Could you give the listing again exactly, without its pictures?

INFORMATION PROVIDED:
-*-*-
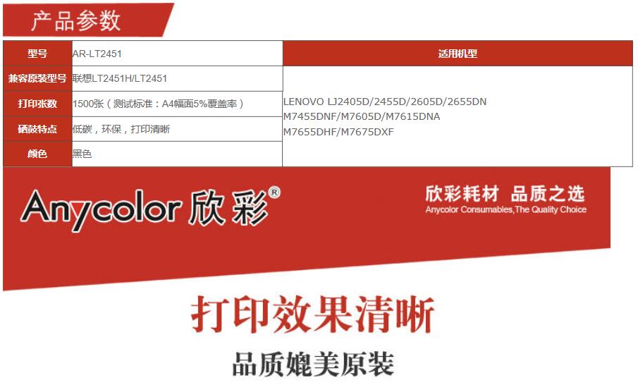 商品名称:欣彩2451,黑色粉盒(LT2451),适用联想LJ2605D/7605/2655/7655/7615/7455/7675DXF 商品编号:ECS007853 品牌:欣彩/Anycolor 上架时间:2017-08-27 商品毛重:0克 如果您发现商品信息不准确,欢迎纠错;如果您发现有比51文具价格更低的,欢迎举报
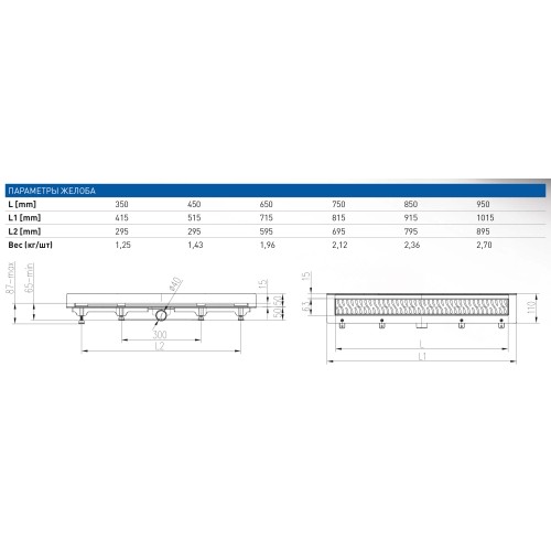 Тип Душевые лотки с решеткой
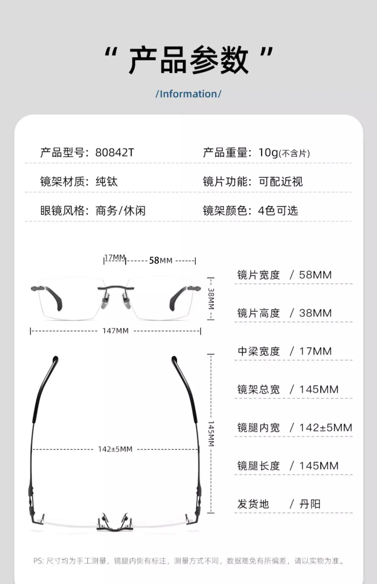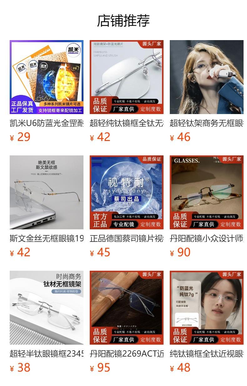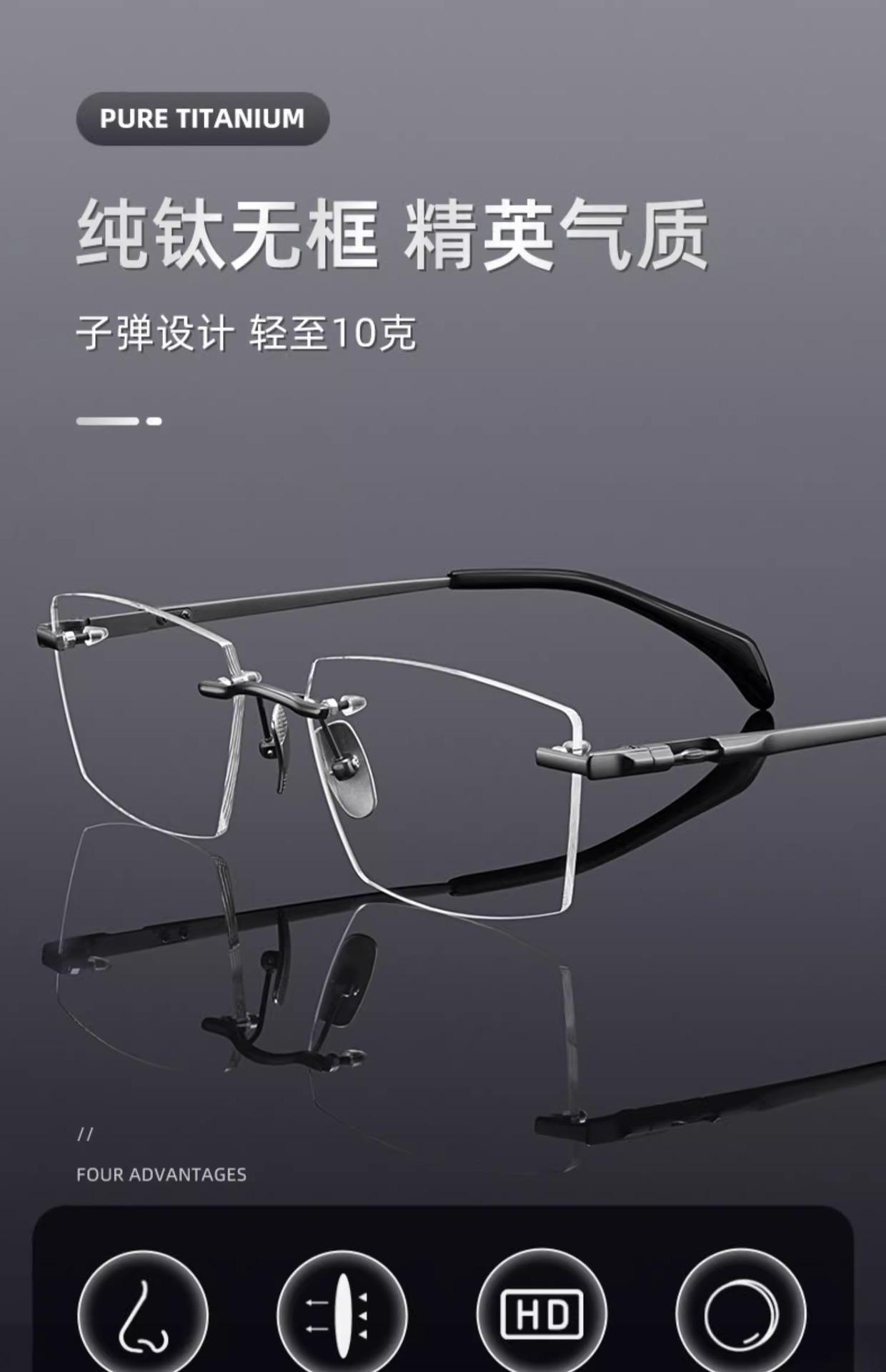 Armazón de Lentes de Lujo Ligero de Alta Gama Ultraligero Sin Montura Armazón de Titanio Puro Lentes para Miopía Lentes para Hombre Venta al por Mayor de Lentes Danyang
-*-*-
YOUR RESPONSE:
 商品名称:欣彩2451,黑色粉盒(LT2451),适用联想LJ2605D/7605/2655/7655/7615/7455/7675DXF 商品编号:ECS007853 品牌:欣彩/Anycolor 上架时间:2017-08-27 商品毛重:0克 如果您发现商品信息不准确,欢迎纠错;如果您发现有比51文具价格更低的,欢迎举报
 Тип Душевые лотки с решеткой
 Armazón de Lentes de Lujo Ligero de Alta Gama Ultraligero Sin Montura Armazón de Titanio Puro Lentes para Miopía Lentes para Hombre Venta al por Mayor de Lentes Danyang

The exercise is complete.